I have rehydrated him and given him about 40 peas and a calcium tablet....where do I go from here?

Cynth, I am about half an hour from Nootie if you have her number and she is still rehabbing maybe she will take him?

Thanks.
Sue


----------



## pigeonpoo (Sep 16, 2005)

Photos of the youngster. The tail feathers are open at the ends but still in the sheath nearer the body.


----------



## Feefo (Feb 8, 2002)

Hi Sue,

You have done everything right but the missing feathers and puncture mark could point to a predator attack and the need for antibiotics.

I will PM you the numbers I have for Helen.

Cynthia


----------



## pigeonpoo (Sep 16, 2005)

Thanks Cynth,

No reply on those numbers. I have PMed you.

Sue


----------



## wolfwood (Jan 26, 2009)

Are Wood Pigeons really as big as the photo looks? What a beauty!


----------



## pigeonpoo (Sep 16, 2005)

They are indeed large birds - certainly larger than a regular homing pigeon.


----------



## pigeonpoo (Sep 16, 2005)

Aaargh! I can't get in touch with Nootie and can't wait any longer with this baby, he needs antibiotics as Cynth thinks he might have been the victim of a cat given that he has so few tail feathers and a wound on his breast. He has survived the night and I intend to get him to the vets today - no surgery until five this evening though.

If I continue to feed thawed peas, does he also need water giving? He is not drinking or eating himself - possible due to shock or maybe he is not quite old enough yet... I have given him pigeon mix but perhaps he doesn't recognise it.

Sue


----------



## amyable (Jul 7, 2007)

Poor soul, I hope he's ok.

I don't think you need worry about water if you're giving defrosted peas as they have quite a bit of moisture in them.

Best of luck today at the vets,

Janet


----------



## pigeonpoo (Sep 16, 2005)

Many thanks Cynth and Janet for your advice with this baby.

I didn't like the look of him when I went to feed at lunch time - his droppings had turned to liquid and he didn't seem as feisty. I decided that he couldn't wait till the evening to see the vet (who refused to prescribe over the phone this morning, even though Cynth had told me what to ask for).

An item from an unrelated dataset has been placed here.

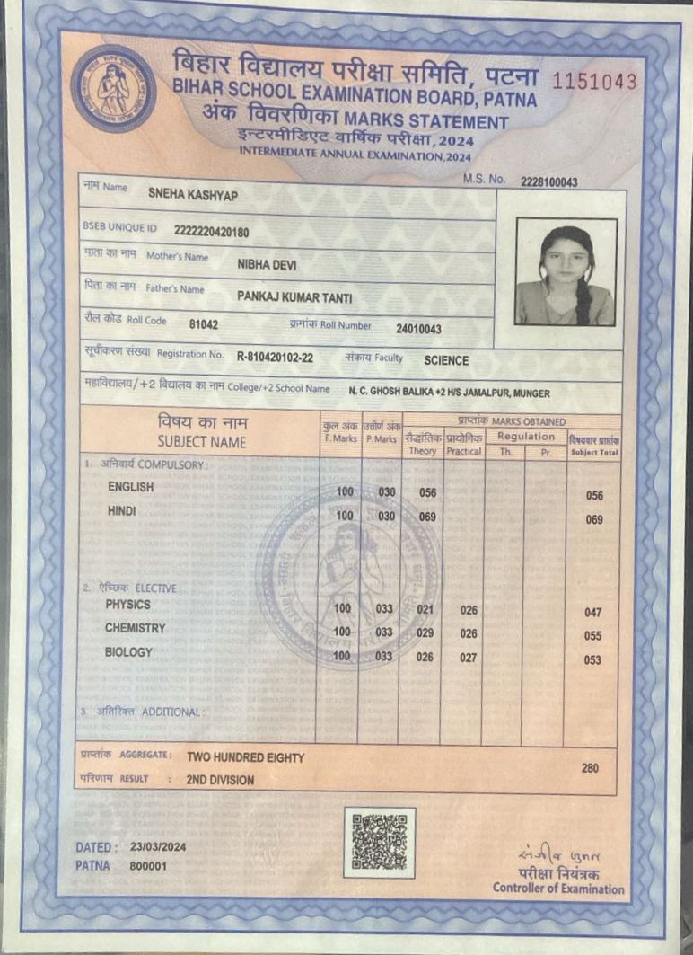 | Exam | Full Marks | Pass Marks | Marks Obtained |

I was able to do a bit of juggling with my schedule and took him to The Three Owls Bird Sanctuary. I was very impressed by the set up there and was assured that Buddy (the woodie), as I named him, would be given every chance and released as soon as he was ready. There was a huge aviary just for woodies where he could learn to feed himself and socialise before the release. I was given a number to identify him and can ring any time to check on his progress. I shall ring in a week and update here.

sue


----------



## amyable (Jul 7, 2007)

I'm glad you found him some help. Do they have vet facilities at the Three Owls? 

It's nice to think you can follow his progress, I hope it's good news.

Janet


----------



## Feefo (Feb 8, 2002)

I am glad that you were able to get him there. Woodies learn from other woodies, so it is his best chance.

Cynthia


----------



## pigeonpoo (Sep 16, 2005)

amyable said:


> I'm glad you found him some help. Do they have vet facilities at the Three Owls?
> 
> It's nice to think you can follow his progress, I hope it's good news.
> 
> Janet


I have had a look at the website and there is a named vet on the home page so I imagine they do.

I am praying for his survival. What a little sweetie he was, a bundle of fluffy feathers and totally different to my pigeon babies. I couldn't believe that he had *blue* eyes. He didn't like me very much and I was very aware that he was very stressed when I was feeding him, his little heart was going ten to the dozen.


----------



## amyable (Jul 7, 2007)

Amazing how attached you can get after such a short time.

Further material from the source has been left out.